Treating Disqualifying Dispositions
On the issue of disqualifying dispositions, the new proposed rules mandate that the special tax treatment provided by tax code Section 421 does not apply to the transfer of the shares if there is a disqualifying disposition of a share of stock. Instead, the exercise of the option is treated as the exercise of a nonstatutory option.
So, in the taxable year in which the disqualifying disposition occurs, the individual must recognize compensation income equal to the fair market value of the stock on the date the stock is transferred less the exercise price, IRS said. A deduction attributable to the transfer of the share of stock pursuant to the exercise of the option is allowable for the taxable year in which such disqualifying disposition occurs, to the employer corporation, its parent or subsidiary corporation, or a corporation substituting or assuming an option in a transaction to which Treasury Code Section 1.424-1(a) applies, if otherwise allowable under tax code Sections 83(h) and 162 and if the requirements of Treasury Code Section 1.83-6(a) are met.
Regarding stockholder approval of incentive stock option plans, IRS said the proposed regulations would provide the same basic requirements for stockholder approval as those included in the proposed 1984 regulations. The new proposed rules would provide, however, additional guidance regarding when stockholder approval is required and a more complete list of situations that require new stockholder approval of the plan by specifically including a change in the shares with respect to which options are issued or a change in the granting corporation.

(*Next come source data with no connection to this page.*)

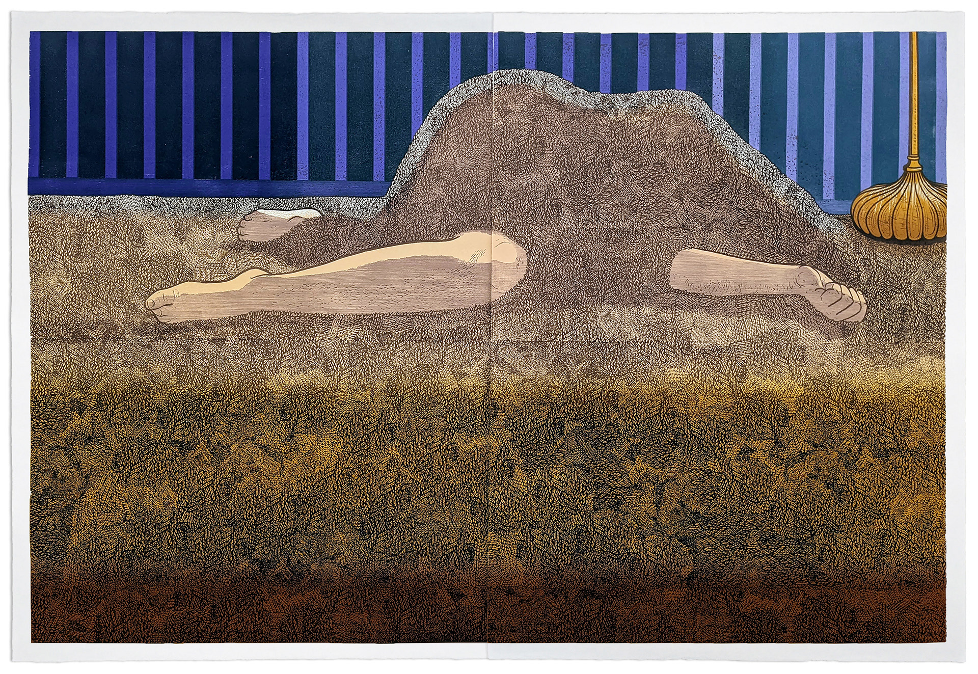 Woodcut on Thai Kozo from 3 plates & 10 colors. 48x72in (122x183cm). 2022.
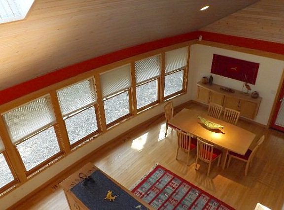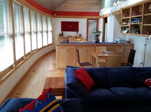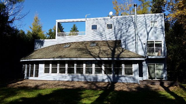 STRIKING, CUSTOM DESIGNED CONTEMPORARY HOME ON SAND BEACH on Ridges Road in Baileys Harbor with a southern exposure for both sunrises and sunsets! Designed to maximize the water views, the wall of windows on the curved shore side of this home accomplishes that goal and more. The long living-dining room has a dramatic, wood, vaulted ceiling; and the room is bathed in natural light. Floors in the living and dining areas are wood, bathroom and kitchen floors are tile, and bedrooms are carpeted. The master bedroom and one and one-half baths are conveniently on the first floor, two bedrooms and a bath are on the second floor, and the third floor room can be put to any use you want. From the third floor is also access to the lookout deck.
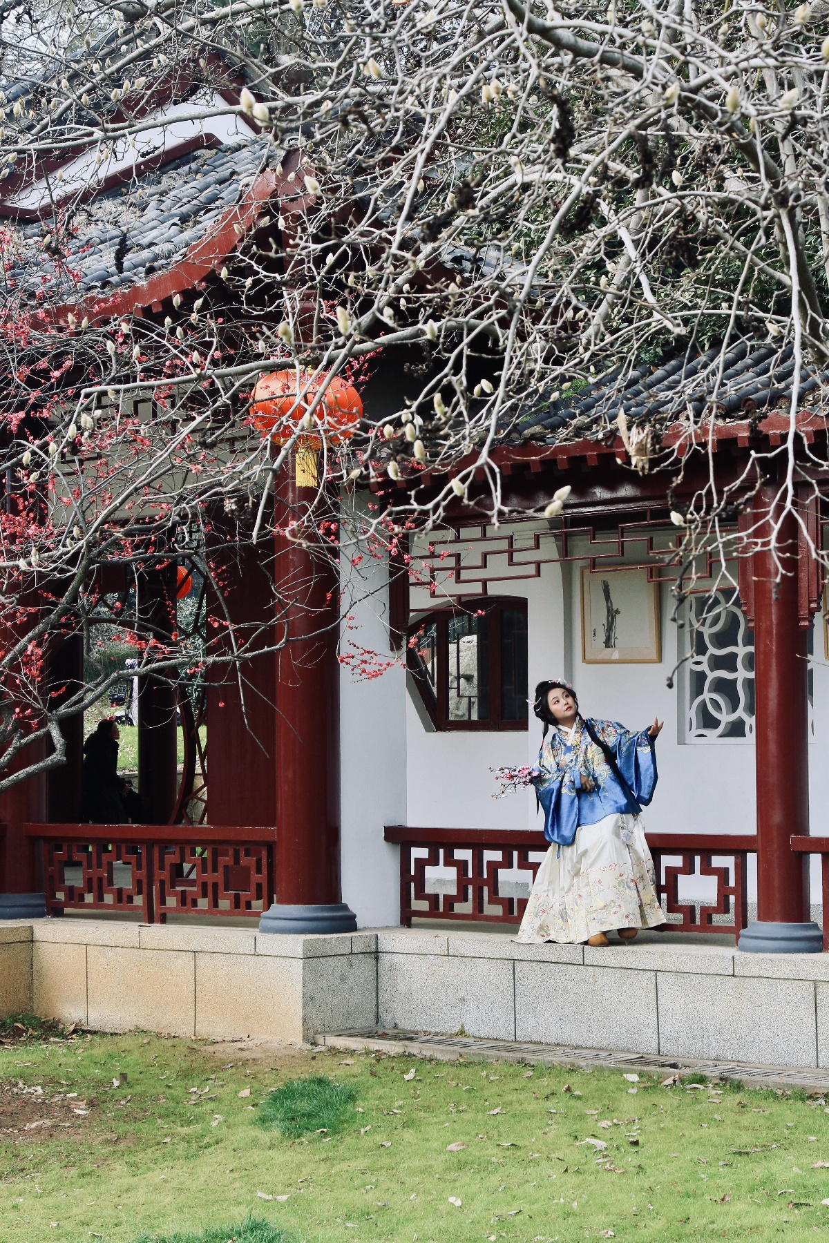游客身穿古风服饰在东湖梅园内拍照留念。
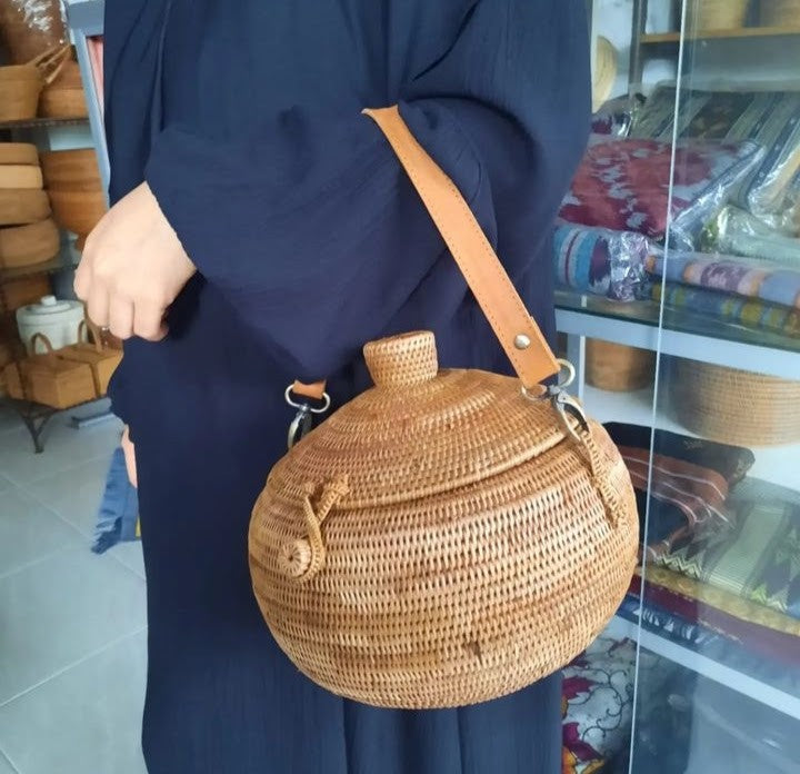 Embrace the natural elegance of Bali with our rattan pot bag, meticulously handcrafted to offer a unique blend of tradition and versatility.
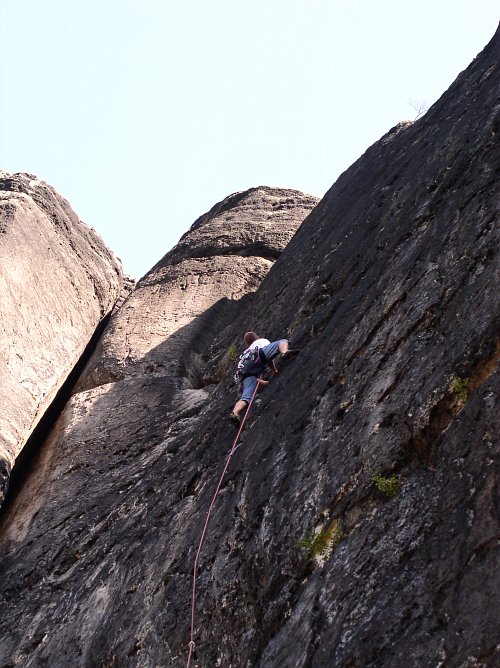 Jardo paráda, jako vždy. Moc se mi líbí věta: Na Dunkle Wand vede 14 cest. Do jejího těla jsou zavrtány celkem dva kruhy, z toho jeden je slaňák. Myslím, že je výstižné pro Sasko vůbec. A já se od svého posledního pádu bojím ještě víc!
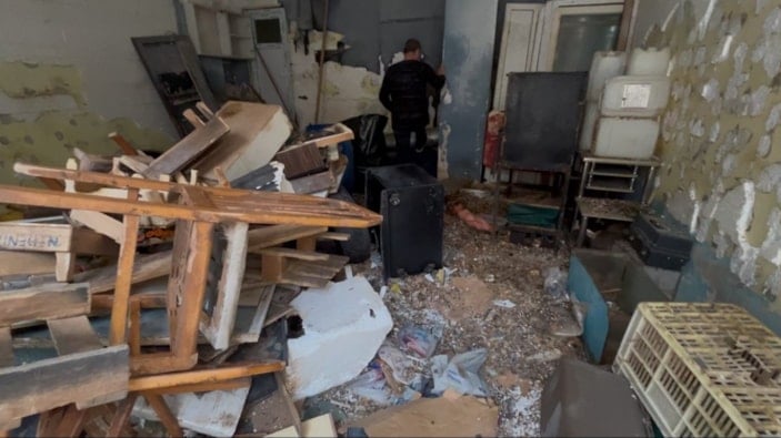 Siz de gördünüz içeriden çok ağır bir koku yayılıyor. Yani yaklaşık 100 fare içeride yuvalanıp barınmış. Dükkan kapısı uzun süredir açılmadığı için burasını fareler basmış. Lağım farelerinin hepsi kedi gibi çok büyükler.

The new proposed regulations also expand on previous guidance by providing that an option that otherwise qualifies as an incentive stock option nevertheless fails to be an incentive stock option to the extent the $100,000 limitation is exceeded.
Rules the Same in Some Cases
Also included in the new proposed regulations is guidance on additional provisions that might be included in an incentive stock option, including permitting cashless exercise, providing the right to receive additional compensation, and providing alternative rights. IRS said the proposed regulations essentially retain the rules described in the proposed 1984 regulations in each of these cases.
Also, the new proposed regulations would provide additional guidance regarding a change to an option and whether it constitutes a modification. Under the regulations, both a provision under an option that provides that the option holder may receive an additional benefit at the future discretion of the granting corporation and the exercise of that discretion are considered modification of the option, just as they are under the proposed 1984 rules. However, under the new proposed rules, it is not a modification for the granting corporation to exercise discretion related to the payment of a bonus at the time of the exercise of the option, the availability of a loan at exercise, or the right to tender previously owned stock for the stock purchasable under the option. A change to an option adding such discretion, however, would be a modification, IRS said.
The proposed, temporary, and final rules are in the June 9 Federal Register .
Comments on the proposed incentive stock option rules should be sent to CC:PA:RU (REG-122917-02), Room 5226, IRS, P.O. Box 7604, Ben Franklin Station, Washington, D.C. 20044; or delivered to CC:PA:RU (REG-122917-02), Courier’s Desk, IRS, 1111 Constitution Ave. N.W., Washington, D.C.